# [DIRECTIONS]
Each line from the one containing "Эту информацию подтвердил" to the last line of the listing below is to be duplicated exactly, and no picture is to be carried over.

# [SOURCE MATERIAL]
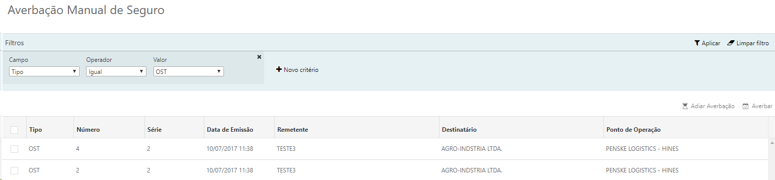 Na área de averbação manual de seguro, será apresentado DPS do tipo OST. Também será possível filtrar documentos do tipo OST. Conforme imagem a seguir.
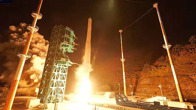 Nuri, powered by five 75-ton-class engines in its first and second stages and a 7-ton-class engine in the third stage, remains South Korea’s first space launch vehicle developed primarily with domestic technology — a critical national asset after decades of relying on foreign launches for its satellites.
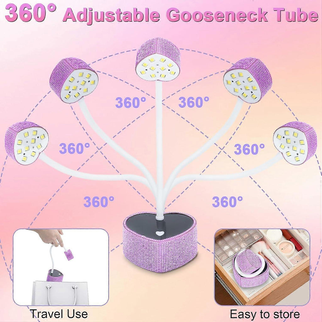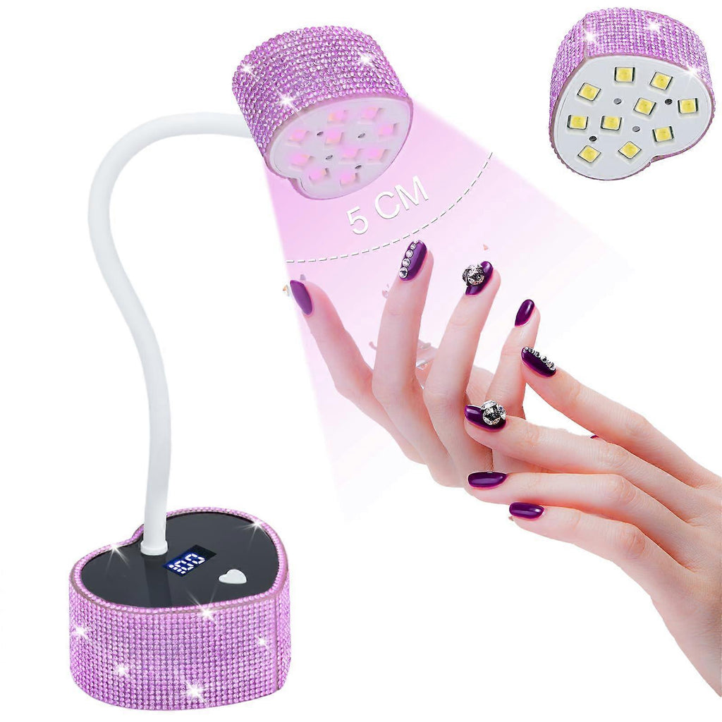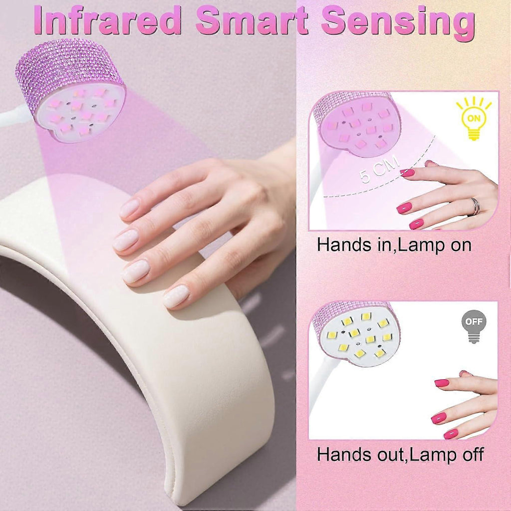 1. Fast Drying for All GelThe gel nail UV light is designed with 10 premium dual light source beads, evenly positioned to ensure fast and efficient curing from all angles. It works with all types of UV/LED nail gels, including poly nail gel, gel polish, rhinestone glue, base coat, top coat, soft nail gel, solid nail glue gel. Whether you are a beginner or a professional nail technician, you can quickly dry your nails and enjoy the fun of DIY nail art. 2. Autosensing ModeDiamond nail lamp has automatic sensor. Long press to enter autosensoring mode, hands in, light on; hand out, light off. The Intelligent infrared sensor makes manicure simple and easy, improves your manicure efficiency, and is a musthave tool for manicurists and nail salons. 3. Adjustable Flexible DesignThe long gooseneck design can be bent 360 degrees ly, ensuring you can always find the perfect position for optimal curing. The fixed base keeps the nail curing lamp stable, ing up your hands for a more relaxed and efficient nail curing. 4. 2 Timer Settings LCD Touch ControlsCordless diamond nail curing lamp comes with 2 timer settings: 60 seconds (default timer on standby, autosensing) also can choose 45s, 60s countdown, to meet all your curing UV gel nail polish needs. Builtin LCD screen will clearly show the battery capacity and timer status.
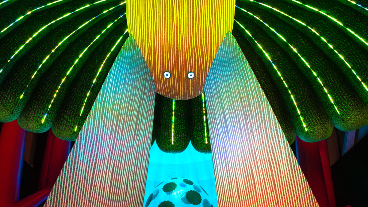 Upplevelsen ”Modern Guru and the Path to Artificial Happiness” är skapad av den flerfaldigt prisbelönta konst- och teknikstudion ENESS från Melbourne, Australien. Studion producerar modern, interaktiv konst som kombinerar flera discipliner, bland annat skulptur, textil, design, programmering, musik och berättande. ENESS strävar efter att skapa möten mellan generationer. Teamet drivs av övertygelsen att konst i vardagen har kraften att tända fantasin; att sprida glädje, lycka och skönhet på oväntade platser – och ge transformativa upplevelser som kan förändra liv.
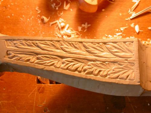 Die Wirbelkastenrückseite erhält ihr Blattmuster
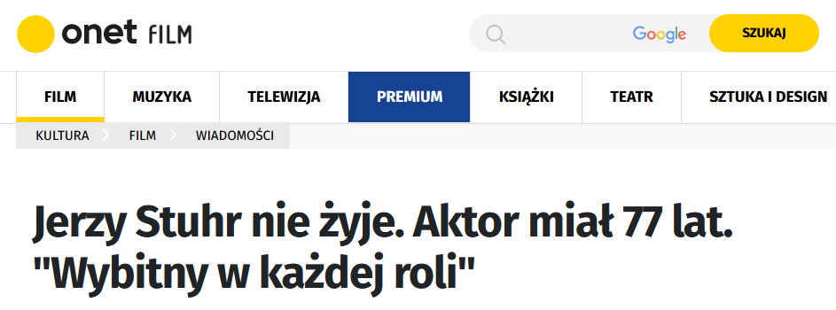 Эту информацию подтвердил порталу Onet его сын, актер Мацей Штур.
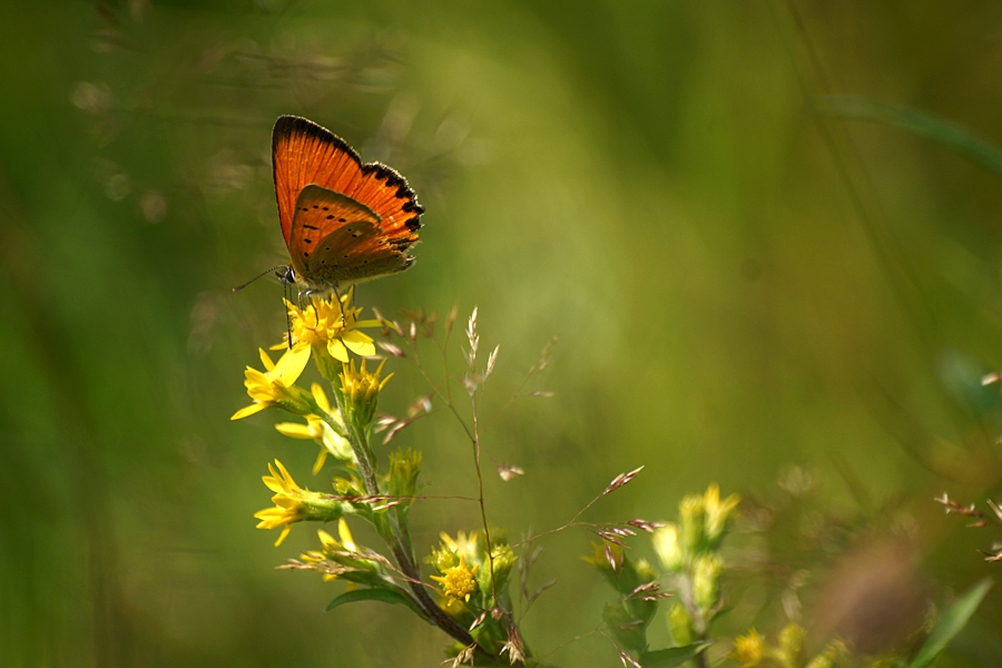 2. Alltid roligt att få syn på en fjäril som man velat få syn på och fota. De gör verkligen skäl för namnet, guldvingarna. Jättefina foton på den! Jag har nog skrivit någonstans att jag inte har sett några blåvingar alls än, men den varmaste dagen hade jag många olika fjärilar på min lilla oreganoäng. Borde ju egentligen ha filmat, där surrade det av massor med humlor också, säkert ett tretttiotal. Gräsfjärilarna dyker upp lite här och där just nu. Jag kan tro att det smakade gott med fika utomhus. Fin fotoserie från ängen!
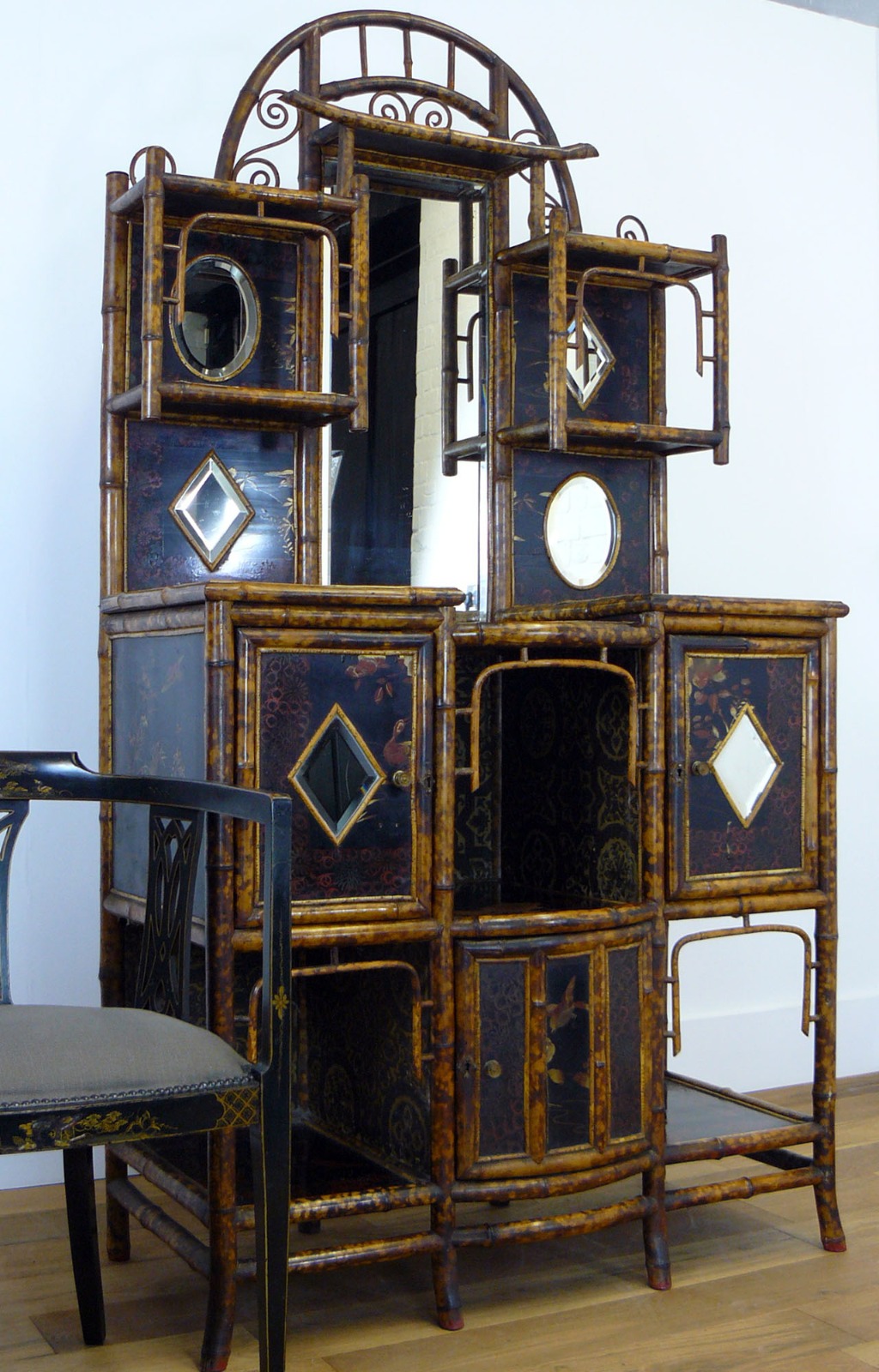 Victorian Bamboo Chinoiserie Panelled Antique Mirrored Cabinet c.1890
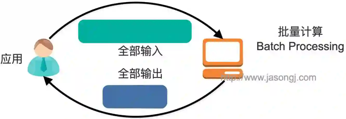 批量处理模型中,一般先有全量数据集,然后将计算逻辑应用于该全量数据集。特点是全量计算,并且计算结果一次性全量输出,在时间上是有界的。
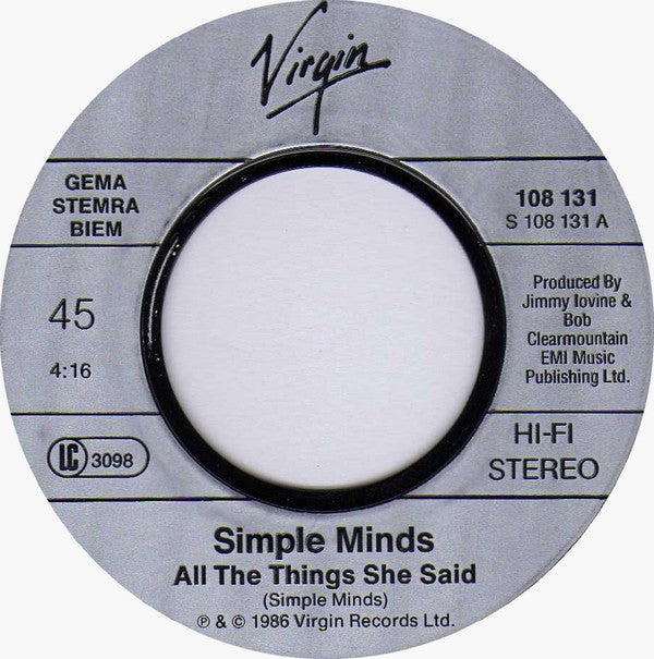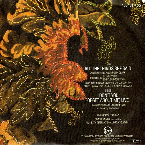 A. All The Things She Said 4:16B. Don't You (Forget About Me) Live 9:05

# [WRITTEN SOLUTION]
 Эту информацию подтвердил порталу Onet его сын, актер Мацей Штур.
 2. Alltid roligt att få syn på en fjäril som man velat få syn på och fota. De gör verkligen skäl för namnet, guldvingarna. Jättefina foton på den! Jag har nog skrivit någonstans att jag inte har sett några blåvingar alls än, men den varmaste dagen hade jag många olika fjärilar på min lilla oreganoäng. Borde ju egentligen ha filmat, där surrade det av massor med humlor också, säkert ett tretttiotal. Gräsfjärilarna dyker upp lite här och där just nu. Jag kan tro att det smakade gott med fika utomhus. Fin fotoserie från ängen!
 Victorian Bamboo Chinoiserie Panelled Antique Mirrored Cabinet c.1890
 批量处理模型中,一般先有全量数据集,然后将计算逻辑应用于该全量数据集。特点是全量计算,并且计算结果一次性全量输出,在时间上是有界的。
 A. All The Things She Said 4:16B. Don't You (Forget About Me) Live 9:05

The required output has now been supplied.